Вообще, я думаю, скоро мы переплюнем Mirai. Сейчас мы думаем над тем, как объединить несколько наших ботнетов. Если удастся, то мы будем управлять сетью из миллионов зараженных устройств.
– Можете как-нибудь в цифрах обозначить номинальную мощность российских ботнетов? Сколько в них устройств? Какую скорость они развивают?
– Все достаточно индивидуально. У всех свои ботнеты с разными методами атак и разным количеством зараженных устройств. Это могут быть как тысячи, так и миллионы ботов. То же самое касается и мощности атаки. Лично я был свидетелем атак как в 50 Гбит/с, так и в 500 Гбит/с (для сравнения: рекордная мощность, которую когда-либо достигал ботнет Mirai, равен 623 Гбит/с).
– Если завтра у KillNet или Phoenix кто-то закажет атаку на, допустим, «Госуслуги», атака состоится?
– Никогда. Как минимум потому, что владельцами крупнейших ботнетов являются русские – у них на уровне настроек стоит блок на атаки по России или СНГ. Даже если кто-то и решится на такое, он очень сильно поплатится.
Планы на будущее
– Чем ты и члены Phoenix сейчас зарабатывают? Можешь хотя бы намекнуть на то, как вы монетизируете свою деятельность?

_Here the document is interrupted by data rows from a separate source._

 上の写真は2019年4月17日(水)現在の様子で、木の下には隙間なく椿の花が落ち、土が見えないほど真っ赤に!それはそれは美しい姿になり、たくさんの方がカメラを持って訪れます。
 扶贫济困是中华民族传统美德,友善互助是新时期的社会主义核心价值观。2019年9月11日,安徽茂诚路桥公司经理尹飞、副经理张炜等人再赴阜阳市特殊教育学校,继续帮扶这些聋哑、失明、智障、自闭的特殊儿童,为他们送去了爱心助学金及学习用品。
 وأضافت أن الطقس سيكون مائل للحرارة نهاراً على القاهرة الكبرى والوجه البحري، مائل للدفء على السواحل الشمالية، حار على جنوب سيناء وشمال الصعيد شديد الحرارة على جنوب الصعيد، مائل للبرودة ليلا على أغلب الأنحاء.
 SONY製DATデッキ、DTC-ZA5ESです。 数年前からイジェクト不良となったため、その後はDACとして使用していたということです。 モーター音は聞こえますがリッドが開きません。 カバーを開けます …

– Секретов нет. Работа с DDoS-заказами из-за границы и взлом далеко не бедных иностранных игроков на крипторынке.
– Часто заказы из-за границы приходят?
– Бывают.
Недавно, например, были заказы из Италии и Испании. Просили «ддосить» сайты правительства. Как я понял, там какие-то политические терки – оппозиция выступает против текущей власти.

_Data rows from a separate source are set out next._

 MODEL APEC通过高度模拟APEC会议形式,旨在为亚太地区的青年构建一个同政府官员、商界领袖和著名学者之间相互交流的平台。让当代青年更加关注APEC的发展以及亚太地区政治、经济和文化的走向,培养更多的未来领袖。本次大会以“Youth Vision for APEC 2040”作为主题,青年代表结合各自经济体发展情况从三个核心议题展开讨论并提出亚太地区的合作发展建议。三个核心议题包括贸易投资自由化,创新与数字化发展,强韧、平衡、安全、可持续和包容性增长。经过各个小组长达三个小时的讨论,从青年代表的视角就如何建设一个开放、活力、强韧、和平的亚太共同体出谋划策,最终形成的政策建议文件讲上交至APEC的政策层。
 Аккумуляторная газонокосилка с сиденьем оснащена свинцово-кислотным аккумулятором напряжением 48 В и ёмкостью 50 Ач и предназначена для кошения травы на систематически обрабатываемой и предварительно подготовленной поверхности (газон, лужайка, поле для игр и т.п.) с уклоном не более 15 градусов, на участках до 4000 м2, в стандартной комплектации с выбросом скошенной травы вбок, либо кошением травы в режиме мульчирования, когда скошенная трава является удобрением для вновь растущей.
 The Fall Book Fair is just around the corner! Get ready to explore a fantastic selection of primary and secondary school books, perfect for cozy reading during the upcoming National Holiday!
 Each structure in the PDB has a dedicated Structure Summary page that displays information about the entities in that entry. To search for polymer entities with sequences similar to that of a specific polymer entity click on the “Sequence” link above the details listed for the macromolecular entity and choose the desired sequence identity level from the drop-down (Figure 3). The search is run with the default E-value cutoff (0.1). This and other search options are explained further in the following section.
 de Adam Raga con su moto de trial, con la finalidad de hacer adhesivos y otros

– Хактивизм и хакерство обеспечивают регулярный доход? Можешь обозначить примерную сумму ЗП хакера в Phoenix?
– Неее… Тут никакой регулярности.
Допустим, в этом месяце я могу выплатить руководящим лицам зарплату в размере пары сотен тысяч рублей, а в следующем иду на обычную работу, чтобы было чем платить по кредитам и поддерживать боеспособность группировки.

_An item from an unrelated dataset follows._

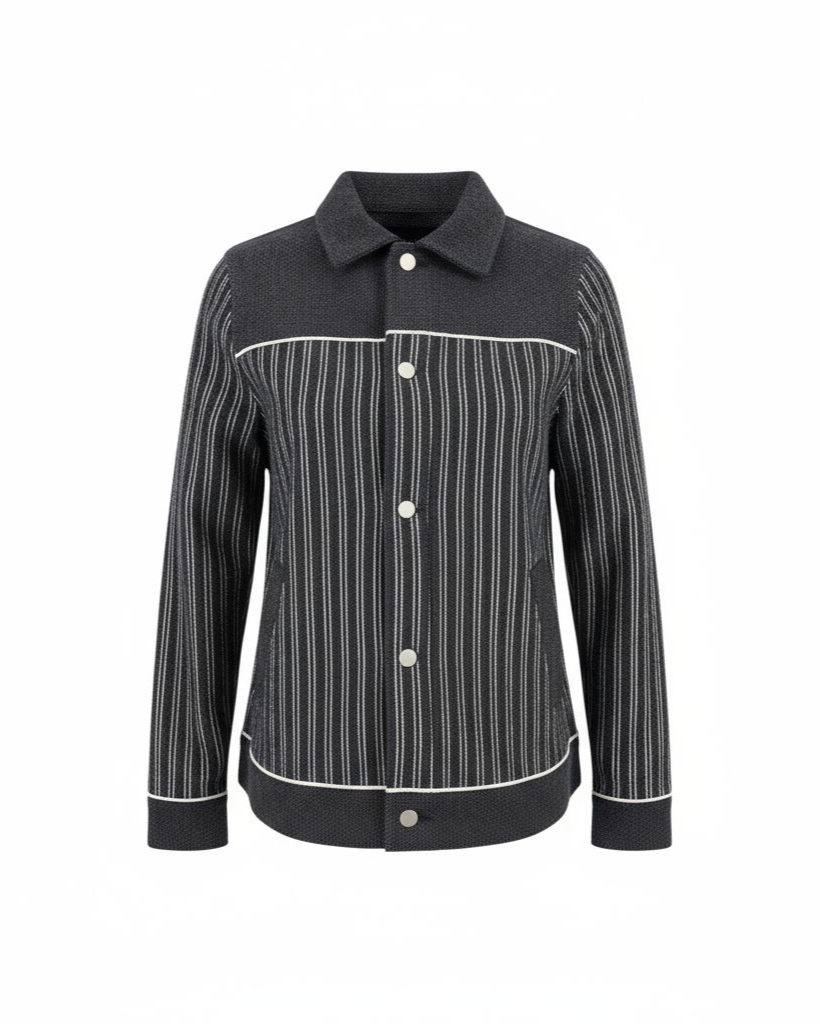 • Unique Pattern Mixing: The combination of the vertical stripe pattern and the solid collar panel creates a visual depth and modern aesthetic.

– Чем вы займетесь, когда закончится СВО?
– Продолжим работать, как и работали по странам Европы. Возможно, займемся чем-то более легальным и полезным для любимых граждан нашей великой страны.
– В правительстве планируют снять c пророссийских хакеров ответственность за киберпреступления. Что думаешь об этой инициативе?
– Нам это никак не поможет. Речь идет о полной легализации нашей работы, что автоматически вытекает в ограничение свободы действий. Мне кажется, на это никто не пойдет. К тому же пока это просто обещания.
– Если бы в России сделали официальную киберармию, куда нанимали бы IT-специалистов с наступательным опытом вроде тебя, ты бы пошел в нее?
– Если и да, то только на должность командира и на своих условиях в финансовом и правовом плане. И то при очень-очень острой необходимости.
– Как думаешь, какая часть нынешних хактивистов захотела бы стать официальными киберсолдатами РФ?
– Мы в хактивистском комьюнити часто обсуждаем эту тему, поэтому, думаю, я достаточно компетентен, чтобы сказать за всех «нет». Принять помощь от государства и сотрудничать – всегда пожалуйста. Но становиться официальной киберармией… Ничего ценнее свободы для хакера нет.